I lost an hour last Tuesday to a function that didn't exist. The agent had written what looked like fine Postgres code, db.QueryRowContext with a context and a query string and a couple of args. It compiled. Wouldn't run. Took me forty minutes to work out it had used db.QueryRow (no context, different signature) inside something it called QueryRowContext, and was handing five things to a function that wanted three. The build error was clear enough, in hindsight. What wasted my hour was that it looked like a hundred other build errors I'd seen, and I kept reading it as a typo I could fix in two seconds.

There's a number that keeps making the rounds, that a majority of developers now say they spend more time debugging code their AI assistant wrote than debugging code they wrote themselves. I'd argue with the methodology if I didn't feel it in my own week.

Sitting with the Tuesday bug, I started cataloging. It had a shape, and so did most of the bugs I'd been hitting. Hallucinated method names. Right name, wrong arity. Right arity, wrong types. A constant that got renamed three versions back and now exists only in the agent's training data. They cluster. They're not random. So I went looking for a Go linter that catches them, and when I couldn't find one I wrote it.

It's a Go CLI called vouch. The first thing it does, the thing that's working as of this week, is read the output of go build and tell you whether your failure looks like an AI hallucination or a normal-person bug. That distinction matters more than I'd expected, and the way I built the detector is dumber than I'd expected, so this is about both.

Go already has good linters. staticcheck is sharp, golangci-lint bundles two dozen analyzers and is the standard at every company I know. They catch real bugs. What they don't catch is "your AI assistant called db.WithTimeout() and that method doesn't exist." That's a build failure, not a lint failure, and by the time the linter runs the compiler has already given up. For a human writing Go, build failures are usually typos. You fix them in five seconds and barely register them as bugs. For AI-written Go, build failures are the most common bug class by a wide margin, and they cluster into the four shapes above. You can see all of them in a single go build output, sitting next to each other, indistinguishable from a missing import. What vouch does is pull them out and label them.

I wanted the first detector to be useful without being clever, so it isn't. It's a screen scraper. It shells out to go build ./..., captures stderr, parses each line against a small set of regular expressions, and bins the error into one of four categories: undefined-symbol, undefined-method, arity-mismatch, type-mismatch.
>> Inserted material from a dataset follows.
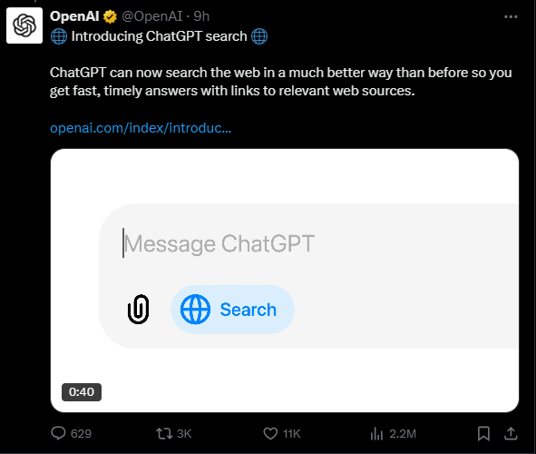 최근 ChatGPT 사용 빈도가 떨어져서 유료플랜을 중지할까 고민하던 중에 상당히 유용해 보이는 기능이 출시되었습니다. 이름하여 searchGPT (또는 ChatGPT Search).

No language server, no AST walking, no model in the loop. go build and regex. The regex was ninety minutes of work. Most of the day went into the test fixtures, which is the same proportion every tool I've built has settled into.

The piece that actually matters is the --diff flag. It narrows the report to lines you changed:

$ vouch check . --diff main
internal/store/user.go:42: arity-mismatch
  ctx.WithTimeout(5 * time.Second) called with 1 arg, expected 2
  func WithTimeout(parent Context, timeout Duration) (Context, CancelFunc)

That's what turns vouch from "tell me everything wrong with this codebase" into "tell me what my agent just broke." Without the diff scope, it's noise. With it, it's a five-second pre-PR check.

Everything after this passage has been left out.